Otherwise, I think that machine learning would suite your case (like making a neural network learn what is a label, giving it as much samples as possible and fetching the wanted data) but i don’t know how does it work with uipath, and the neural network cannot be created quickly


@jferre - As @Hiba_B said…

  1. First, use Read PDF Text activity using “Preserve Format” set to True and save the output file as StrText

  2. Use StrText in "Matches" activity if you are using Regex or use any other string manipulation method…

If could share the sample text file(after masking all the sensitive info) and let us know which field you would like to extract…we can take a look and help…

1 Like

Hi guys, thanks for the answers.

I’m posting here a sample of the label with masked information. The PDF files are always 1-side 1-page docs. Each provider generates its own certificate in the form of a PDF file and, therefore, each pdf file is different. When we receive the files at our company, we print the PDF, we stick the label where we find a suitable blank area and we then re-scan it all together generating the final PDF file.

The goal of the script should be to locate the label in the PDF and read the barcode.
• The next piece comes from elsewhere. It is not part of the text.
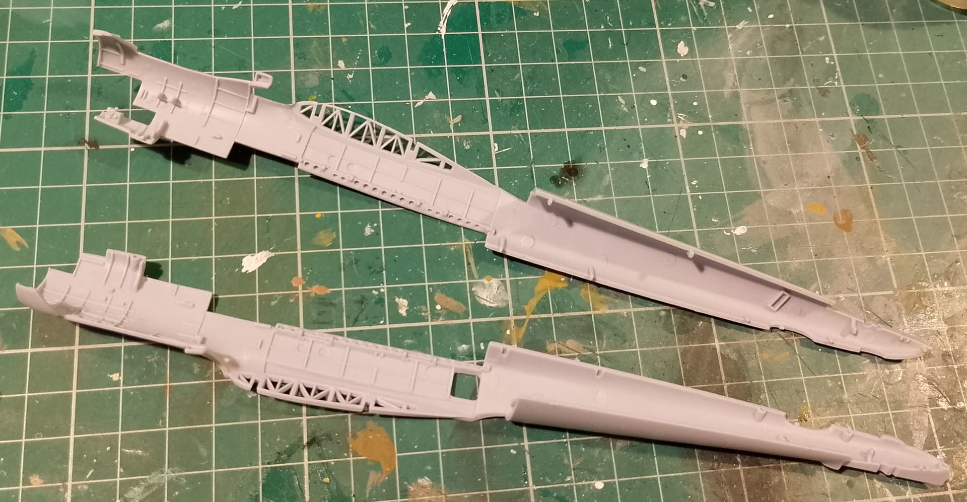 Had a few minutes this afternoon to get the fuselage halves cleaned up. Bit of flash but nothing serious. Test fitted them together and no gaps were noticed.

The difficulty here is that in one case the label can be found in the upper right corner, in another case in the bottom left and so on.

Thanks so much for your suggestions.Label

Hi guys…any hint from anybody? :roll_eyes:

1 Like

Hi !
Hum I have an idea but I don’t know if it works.
How many characters are there in a barcode ? Is it always the same number of characters ?
If yes, what we could imagine is using regular expressions to extract it !
Could you send us a txt sample of a pdf, you can anonimyze the data

Hi @Hiba_B ,

I was investigating a bit. The barcode should contain a number of 8 digits. Which is the same number displayed in the field Lote Insp also shown on the label (a bit upper). So, we could capture both, the number and the barcode. The main issue here is that the label is sticked to the PDF in a different position depending on the provider. And that means that a fixed position reference can not be used. I can’t imagine a way to troubleshoot this. :frowning:

Would you mind sending 2 txt with dummy data, and in these two txt the label should be at a different place ? So we could look for it together ^^

Hi…please find 2 samples, one with the label on top and another with the label at bottom, both marked in yellow.

Thanks !
But what I need is the “.txt” extracted from the pdf that you have.
To do so, use @prasath17 's first point, then put StrText in a Write text activity, then send us the text files that have been created ^^
If you need help for the workflow to convert .pdf into .txt let me know

1 Like

HI @jferre - Read the text file and store the output as StrInput. Then use the below code

Use StrOutput = Regex.Match(StrInput, “(?<=Lote Insp.:\s+)\d+).value.tostring” ==> Which will get the # for you.

from the below image you can see, I have used Lote Insp.: as keyword to find the digits next to it and it is finding from two different places…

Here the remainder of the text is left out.